White was reported as one of three finalists in Mobile by the Press-Register of Mobile, Ala., on Tuesday morning. All three will be invited to interviews on March 27 and 28, with the school board expected to choose a winner by March 30.

In Greenville, S.C., the county school board is interviewing White and other candidates in order to narrow the field to three finalists by Thursday, according to the Greenville News. The school board hopes to name a new superintendent by March 24.

White, 64, has been superintendent of IPS since 2005 and before that was superintendent of the Washington Township schools in Indianapolis for 11 years.

White is a native of Alabama, where he starred in high school and college basketball.
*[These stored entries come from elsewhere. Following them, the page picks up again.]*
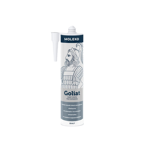 Moleko Goliat super mocny klej montażowy jest klejem przeznaczonym do klejenia parapetów, stopnic i progów, wykonanych z drewna, marmuru, kamienia i PVC, do podłoża betonowego, wewnątrz budynków. Może być również stosowa-ny do klejenia listew przypodłogowych, paneli ściennych i elementów wykończeniowych wykonanych z drewna, materiałów drewnopochodnych (MDF, HDF), PVC,surowego aluminium, szkła lakierowanego, wykończeniowych elementów okładzinowych z płyt lustrzanych oraz wykończeniowych elementów dekoracyjnych z EPS oraz XPS, do podłoża betonowego, wewnątrz budynków. Ponadto klej przeznaczony jest dla budownictwa, do klejenia wewnątrz i na zewnątrz, w miejscach nienarażonych na bezpośrednie oddziaływanie wody.
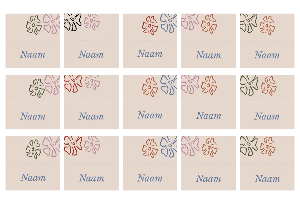 Unieke stijlvolle naamkaartjes om op de tafel te zetten of bij op de stoelen voor de ceremonie. Zo zien de gasten duidelijk was ze moeten zitten en is alles in dezelfde stijl van jullie bruiloftsdrukwerk.
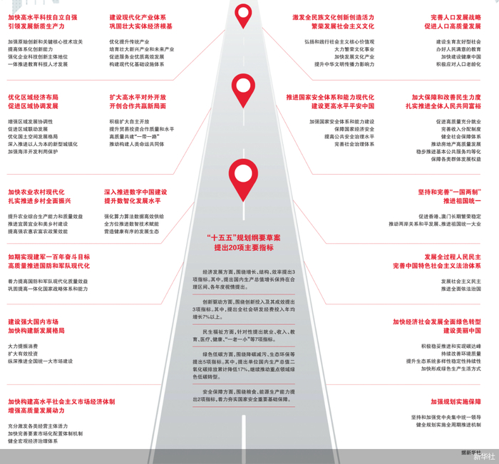 草案提出,“十五五”时期经济社会发展要实现以下目标:高质量发展取得显著成效,科技自立自强水平大幅提高,进一步全面深化改革取得新突破,社会文明程度明显提升,人民生活品质不断提高,美丽中国建设取得新的重大进展,国家安全屏障更加巩固。
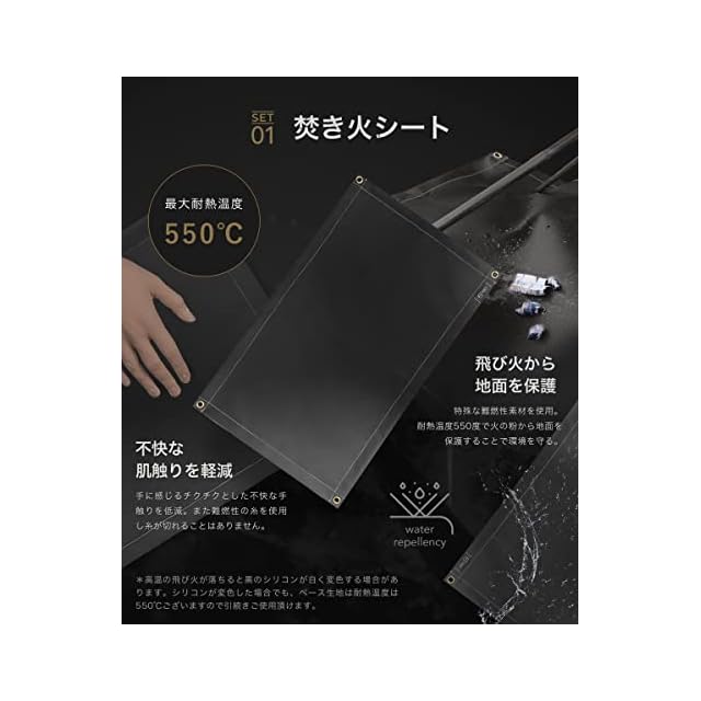 ・素材:シリコン加工ガラス繊維。シリコン加工によって、ガラス繊維特有の手に感じるチクチクとした痛みはなく、手触りが良いためガラス繊維が苦手な敏感肌のユーザーにおすすめです!また撥水性もあるので地面が濡れた場所でも使用可能で水洗いもできます。・縫製に使用する糸も難燃性のものを使っているので糸の部分に火の粉が落ちても意図が切れることはありません。

The three finalists in Mobile were culled from a total of 72 applications, according to the Press-Register. The two other finalists are Peggy Connell, the chief academic officer of the 32,000-student Muscogee County schools in Columbus, Ga., and Dale Robbins, associate superintendent for teaching and learning of the 167,000-student Gwinett County schools near Atlanta.

One alternate finalist, according to the Press-Register, is Karyle Green, superintendent of the 9,500-student East Allen County Schools near Fort Wayne.

The Mobile schools serve 61,000 students, nearly twice as many as IPS. In South Carolina, the Greenville County Schools includes about 70,000 students.

Under White’s tenure, IPS has increased its graduation rate by nearly 20 percentage points, to 65 percent last year. He has also spurred IPS to launch a host of innovative magnet schools that can draw students from throughout the district.

However, the State Board of Education last summer judged four of its schools to be persistently failing, and decided to remove them from IPS control in favor of private school management companies.

White has worked both with and against some of the education reform efforts that have become prominent in Indianapolis.

Under White, IPS was an early adopter of such alternative teacher training programs as Teach for America and the New Teacher Project to Indianapolis, which were brought to Indianapolis by the education reform group The Mind Trust.

But, last year, White resigned from The Mind Trust’s board when the group started to advocate for giving Indianapolis Mayor Greg Ballard authority to appoint IPS school board members.

And at the end of the year, White accused The Mind Trust and Indianapolis Mayor Greg Ballard of trying to “flood” IPS with charter schools. He also dismissed The Mind Trust’s efforts to put Ballard in charge of the IPS school board and to gut what it called the “bloated bureaucracy” of the district’s central office.